Santander has always had an international outlook, as befits a great trading port. The same applies to the bank of that name. Subsidiaries in Portugal, Chile, Mexico and the US helped the lender raise its full-year return on tangible equity to almost 13 per cent.
Unfortunately for Santander’s executive chair Ana Patricia Botín, focus is in fashion rather than reach. Nor does the bank have a flawless record of achieving its targets. A more recent embarrassment was a messy dispute with would-be chief executive Andrea Orcel. This has triggered a settlement reportedly worth € 51mn to the banker, who now runs UniCredit.
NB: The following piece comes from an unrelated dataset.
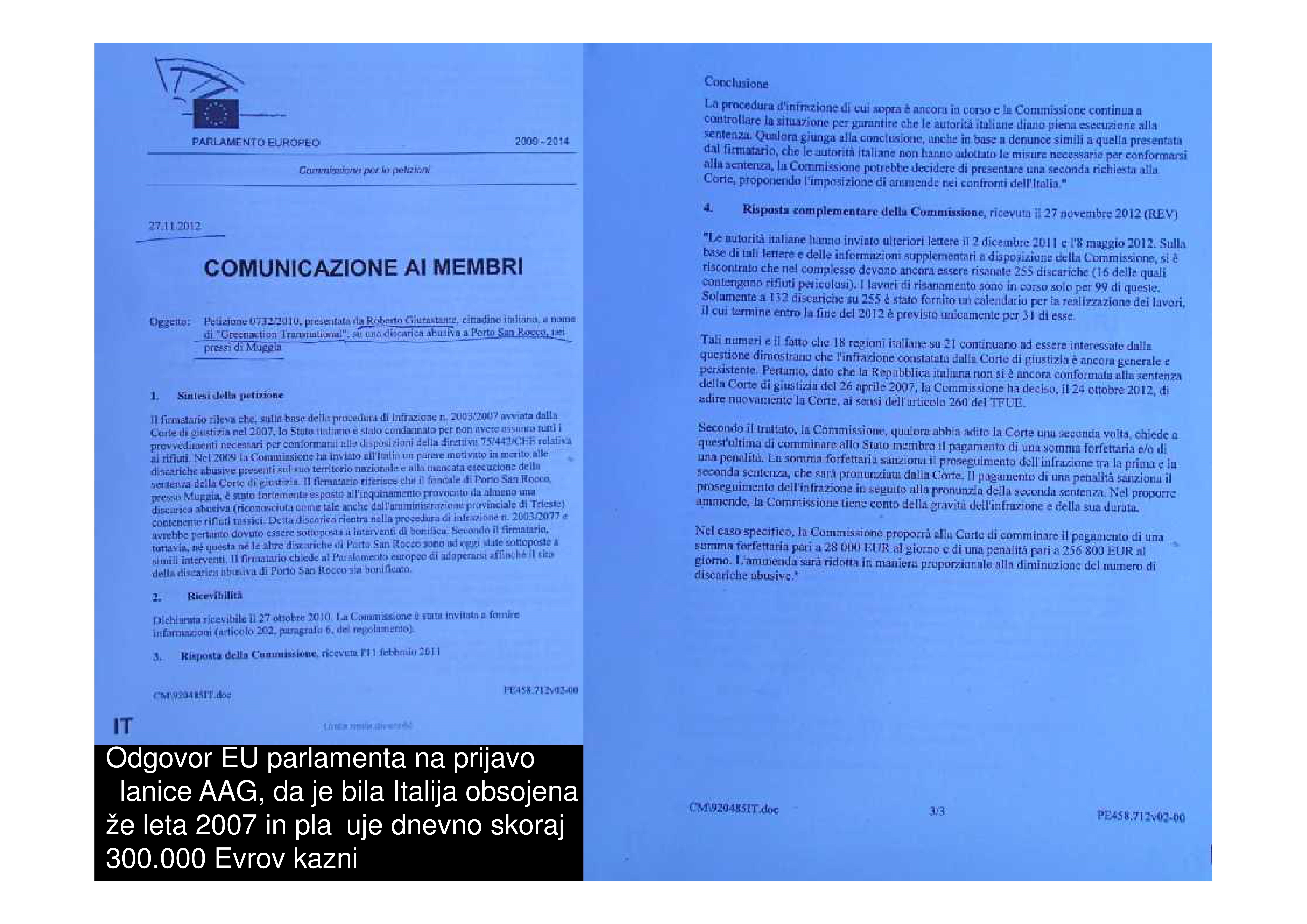 Odgovor EU parlamenta na prijavo članice AAG, da je bila Italija obsojena že leta 2007 in plačuje dnevno skoraj 300.000 Evrov kazni Foto: AAG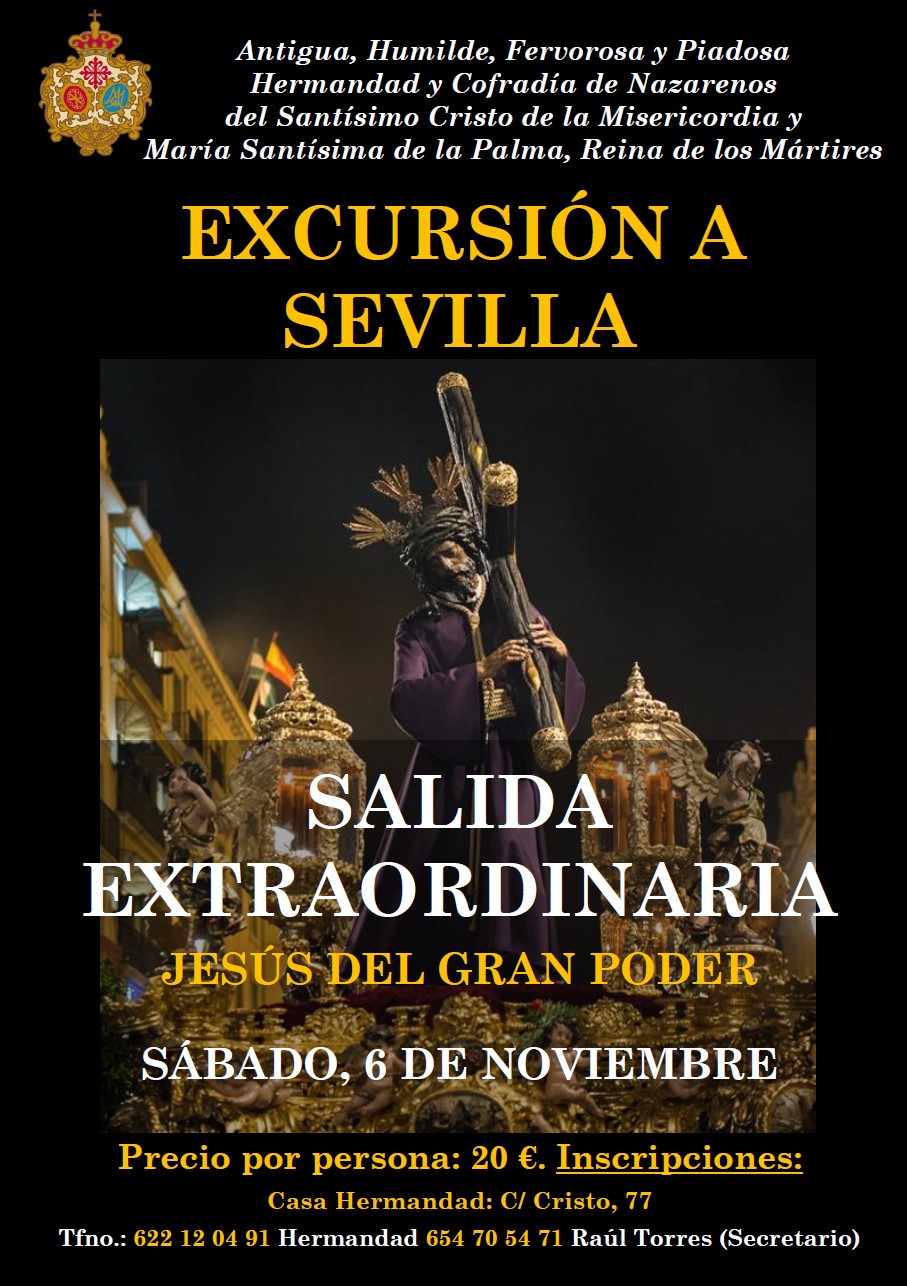 La Hermandad de Misericordia y Palma organiza una excursión a Sevilla, el sábado 6 de noviembre, con motivo de la Salida Extraordinaria del Padre Jesús del Gran Poder, de regreso a su Basílica tras la finalización de su Santa Misión Evangelizadora que realizará en tres parroquias de la periferia de la ciudad de Sevilla.

Shares have serially underperformed the eurozone’s debilitated banking sector, falling 18 per cent over 10 years. Recent efforts to clear the air, including asset tidy-ups and share buybacks, have done little to close the gap. Though Santander is hitting its 12 per cent target for core equity tier one capital, which is well below key peers.
Santander’s commitment to the US market looks increasingly contrarian as other European lenders beat a retreat. Santander has reinforced its position by buying out minority shareholders in its motor finance lending business Santander Consumer. Booming used-car sales helped push reported ROTE to 25 per cent in the US.
Santander plans to combine the unit with the rest of its US retail business. Critics say this will mask the underperformance in the latter, where fee revenues lag behind US peers.
The retail division of Banamex could create a further smokescreen. Citigroup plans to sell this at a mooted price of about $ 6.5bn. Santander, which bought in minorities of its own Mexican subsidiary last year, is a potential bidder. The takeover would cost Santander 140bp of capital, Berenberg thinks. An equity raise might be necessary.
That would go down badly with shareholders, who would prefer buybacks. A blunt rule applies to diversified businesses: they have to demonstrate that their components are worth more together than apart. It is a small mercy for Santander that European banks, as quasi-public utilities, are relatively safe from officers baying for break-ups.